Рыбаки смотрят на поплавки и неспешно разговаривают. Это место, под крутояром, почему-то очень располагает к неспешному, философическому разговору.
— Да всё очень просто, — говорит старший младшему, в очередной раз забрасывая удочку. — Если у тебя отец крестьянин, и мать крестьянка, то и тебе на роду написано быть крестьянином. Сиди в своем крестьянском курятнике и кукарекай, когда разрешат. А вот если отец рабочий и мать рабочий…
— Мать не рабочий, — иронично хмыкает младший. — Мать — рабочая. Она женского рода.

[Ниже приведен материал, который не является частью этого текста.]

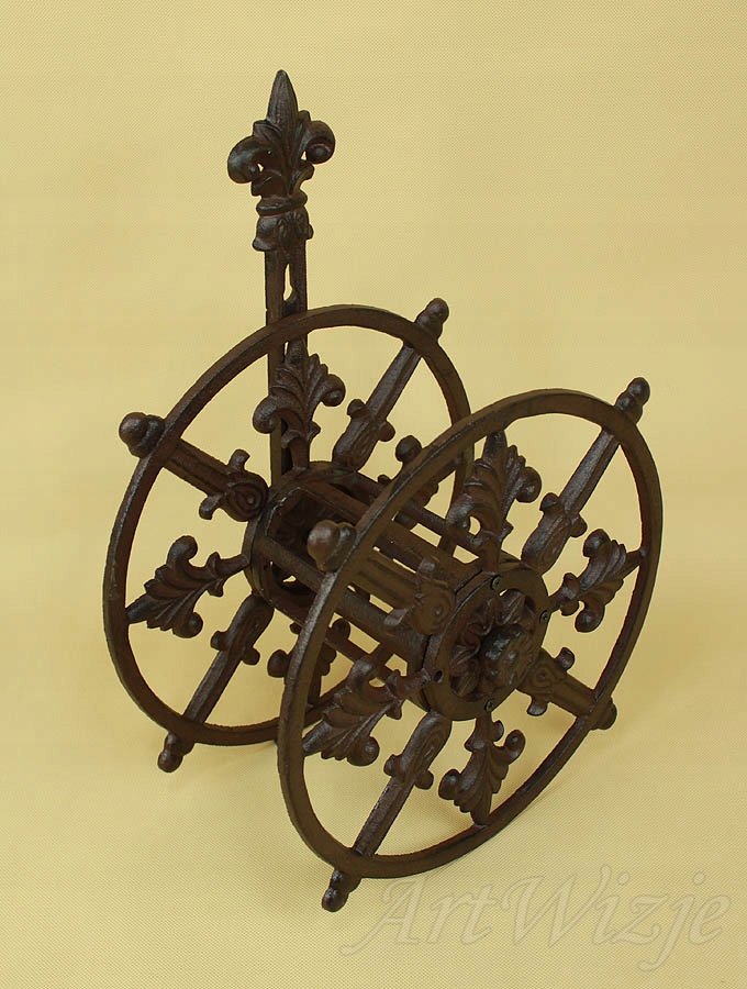 Чугунная ажурная вращающаяся вешалка для садового шланга.

— Грамотный! — старший одобрительно хлопает младшего по плечу. — Рабочая. Ну так и чего, если мать рабочая? Правильно, и ты будешь рабочим. Нет, конечно, бывает, что отец и мать — рабочие, а ты переехал из города в деревню — и становишься крестьянином. Но так бывает, во-первых, редко…
— А если папа — рабочий, и мама — рабочая, а я, например, артистом быть хочу? — перебивает младший.
— Не получится, — безжалостно разрушает хрупкие надежды старший. — Если только редкое исключение. Редчайшее. Не стоит и пытаться…
— Почему ж не стоит-то? — с неожиданно сварливостью в голосе произносит младший. — Я чего, права не имею? Я тоже, между прочим, гражданин!
— Гражданин, гражданин… — старший успокоительно-примирительно, словно несмышленого теленка, гладит младшего по лобастой голове. — И гражданин ты, и прописка у тебя есть, и пиписька выросла. Только вот, понимаешь, какое дело: у артистов ведь свои дети есть. А их куда девать? Они же в работяги не пойдут. Им это западло — в работяги. Они лучше всю жизнь проведут в любимом искусстве…
Младший опять иронически хмыкает.
— Или у тех же генералов, — неуклонно развивает свою мысль старший. — Разве генеральский сын пойдет, к примеру, землю пахать? Да ни в жисть! Он быстрей удавится!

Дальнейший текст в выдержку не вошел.